## What you should do
Omit the pictures. Transcribe exactly the lines below, from the one with "Ramlinku ブルーライトカット メガネ" up to and including the last.

** Records for this task follows **

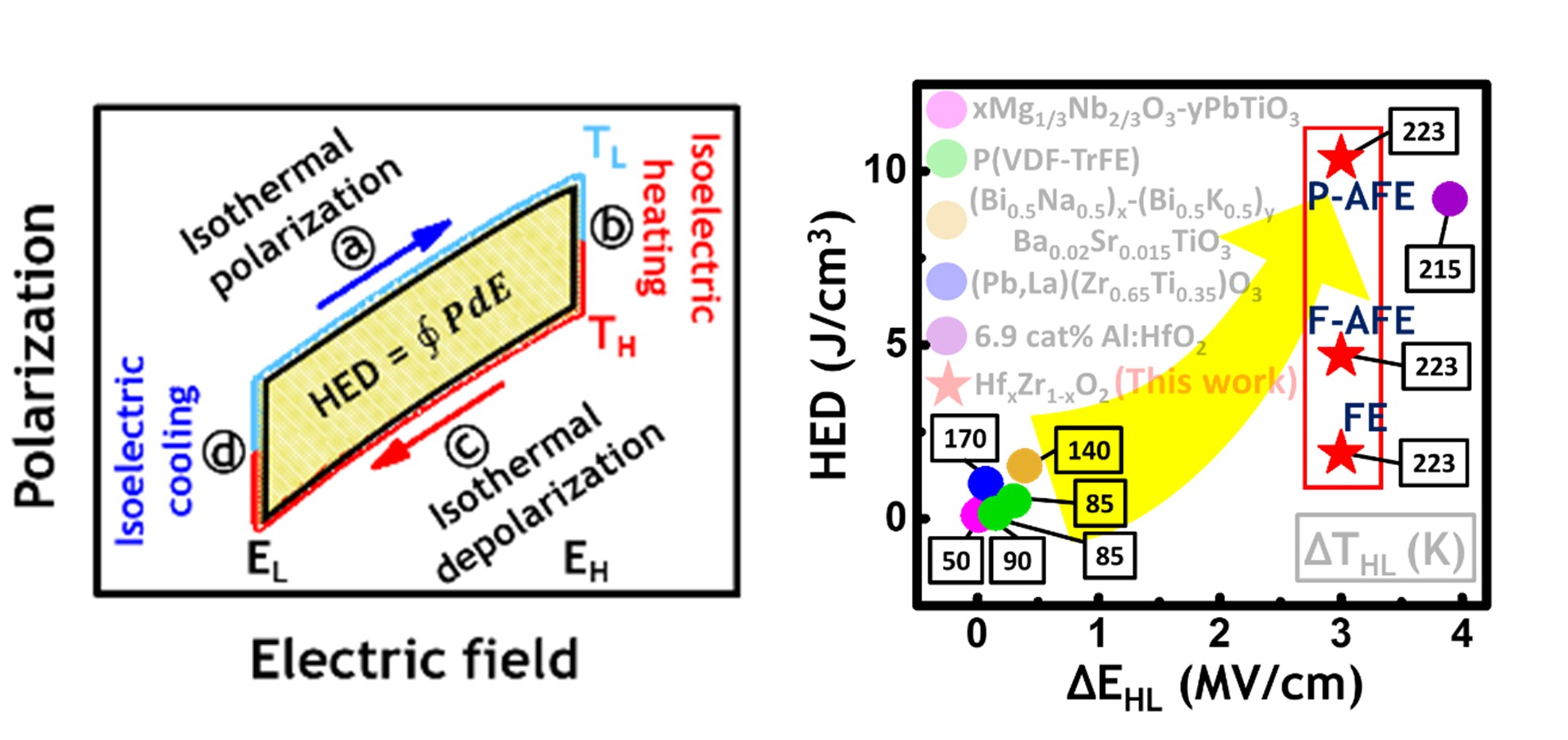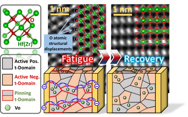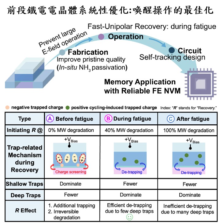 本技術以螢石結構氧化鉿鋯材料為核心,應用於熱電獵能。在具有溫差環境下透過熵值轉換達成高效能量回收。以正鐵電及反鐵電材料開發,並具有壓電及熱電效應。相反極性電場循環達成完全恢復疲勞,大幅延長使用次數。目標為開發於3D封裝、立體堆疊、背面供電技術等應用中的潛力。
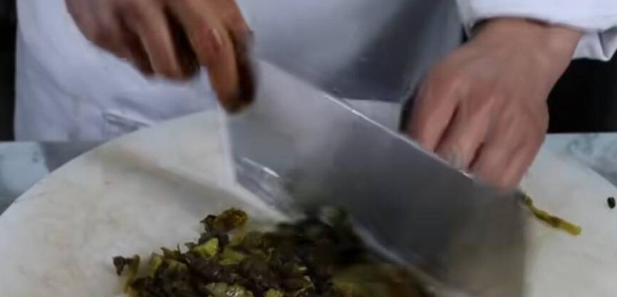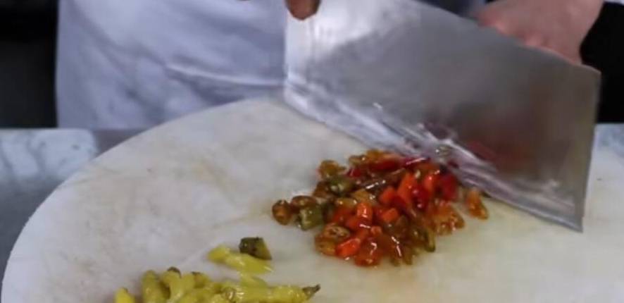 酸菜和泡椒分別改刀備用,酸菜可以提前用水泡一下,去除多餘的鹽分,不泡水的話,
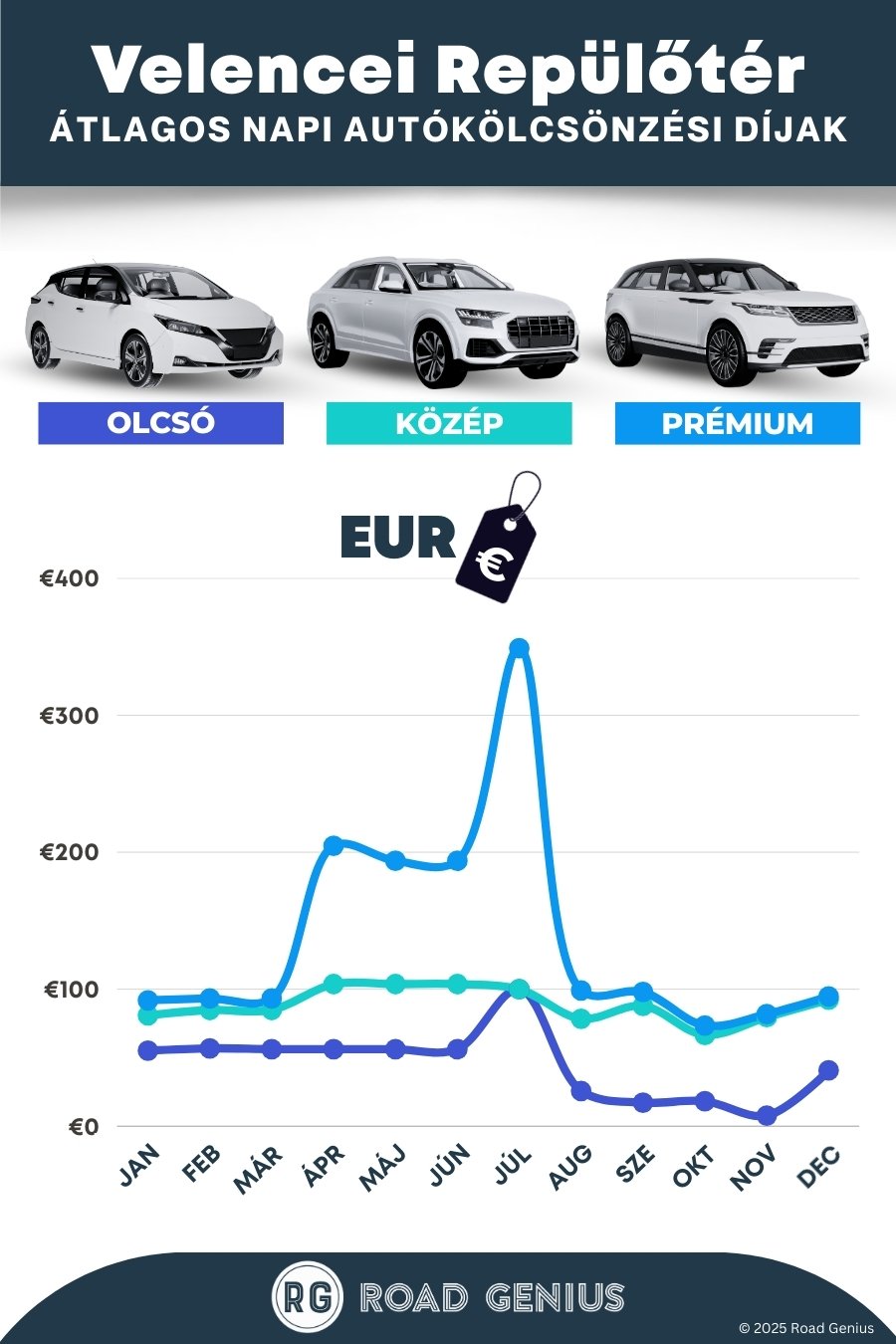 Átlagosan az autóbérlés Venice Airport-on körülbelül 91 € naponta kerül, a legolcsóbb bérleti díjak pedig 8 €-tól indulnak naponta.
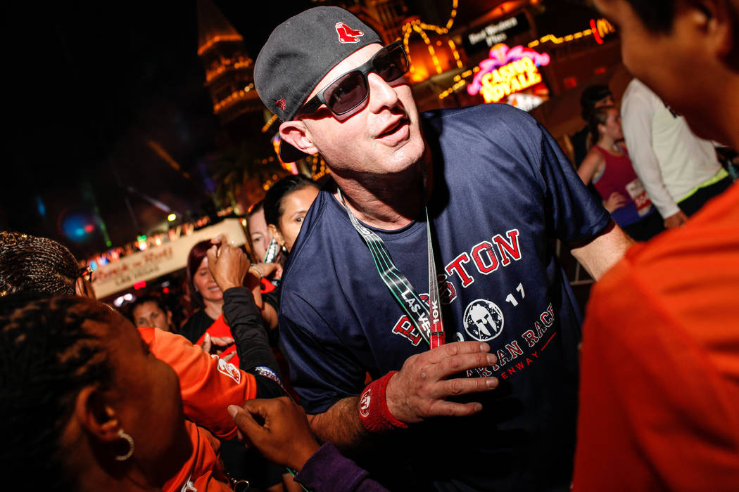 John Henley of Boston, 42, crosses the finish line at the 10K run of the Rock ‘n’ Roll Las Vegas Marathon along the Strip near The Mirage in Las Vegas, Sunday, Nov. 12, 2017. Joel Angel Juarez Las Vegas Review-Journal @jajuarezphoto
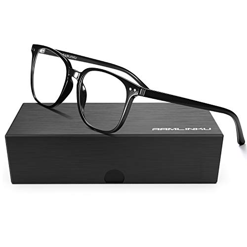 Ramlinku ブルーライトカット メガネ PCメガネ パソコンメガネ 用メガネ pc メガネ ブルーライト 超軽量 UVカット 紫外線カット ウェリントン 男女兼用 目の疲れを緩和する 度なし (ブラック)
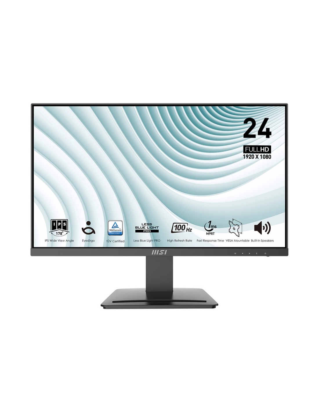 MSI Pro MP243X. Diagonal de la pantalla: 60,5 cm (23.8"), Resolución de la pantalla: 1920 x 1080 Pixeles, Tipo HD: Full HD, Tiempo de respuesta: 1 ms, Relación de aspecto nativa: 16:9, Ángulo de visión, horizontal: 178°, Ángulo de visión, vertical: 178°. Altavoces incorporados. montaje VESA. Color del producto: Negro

** End of Records for this task **

## Result of the exercise
 Ramlinku ブルーライトカット メガネ PCメガネ パソコンメガネ 用メガネ pc メガネ ブルーライト 超軽量 UVカット 紫外線カット ウェリントン 男女兼用 目の疲れを緩和する 度なし (ブラック)
 MSI Pro MP243X. Diagonal de la pantalla: 60,5 cm (23.8"), Resolución de la pantalla: 1920 x 1080 Pixeles, Tipo HD: Full HD, Tiempo de respuesta: 1 ms, Relación de aspecto nativa: 16:9, Ángulo de visión, horizontal: 178°, Ángulo de visión, vertical: 178°. Altavoces incorporados. montaje VESA. Color del producto: Negro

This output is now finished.